In such times where it feels like social organizing feels like a fool’s errand, Pendle Hill and Campus Climate Network provided a constructive space for climate changemakers to form a true sense of community and strategically develop unifying goals and actions amidst our struggles, to put our tensions on paper and translate them into impact. The power of connection and shared solidarity should never be overlooked, and my time at Pendle Hill exemplified exactly why we cannot afford to slip down into political apathy and instead turn to each other to build our movements. I try to express these values of solidarity and authenticity through all the avenues in which I organize around climate at Duke.
Moving from chairs to the floor during a training
Additionally, being able to have engaging dialogue with CCN trainers, who embody the actual success of seemingly unwinnable campaigns like fossil fuel divestment, was a critical reminder of the worth in fighting institutions that appear unmovable, yet are equipped with the ability to mobilize for the benefit of countless communities we care so deeply about. At Pendle Hill, the questions we untangled allowed us to truly think about how we as student organizers could think differently and act differently on each of our campuses and of course, bring others into the movement.
One of the moments from our training sessions has really stuck with me. At the end of one training, our facilitator asked us all to shout out something that gave us hope. As if we had rehearsed it, almost everyone in the room responded in unison with: “people”. This response epitomizes why it is crucial we strive to build our movements centered around mutual aid and love for each other, instead of hate and villanization. At Pendle Hill, this alternative world of love and care existed briefly. And it is that vision of how things could be that I bring with me in all of my organizing work.

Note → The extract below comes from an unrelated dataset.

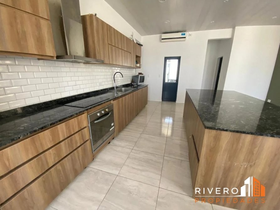 La cocina integrada cuenta con muebles bajo y sobre mesada, horno y anafe, además de una elegante campana de acero inoxidable y una espectacular isla con mesada de mármol, ideal para disfrutar de momentos en familia.

To be surrounded by a group of individuals characterized by the quite literal opposite of apathy are the reasons I still keep in touch with many of the fellows in my cohort. The people I met were genuine, endlessly curious, ambitious, and radically accepting. For these reasons, I continue to feel incredibly grateful for the space CCN provided for us to begin to deconstruct these difficult questions armed with solidarity and connection.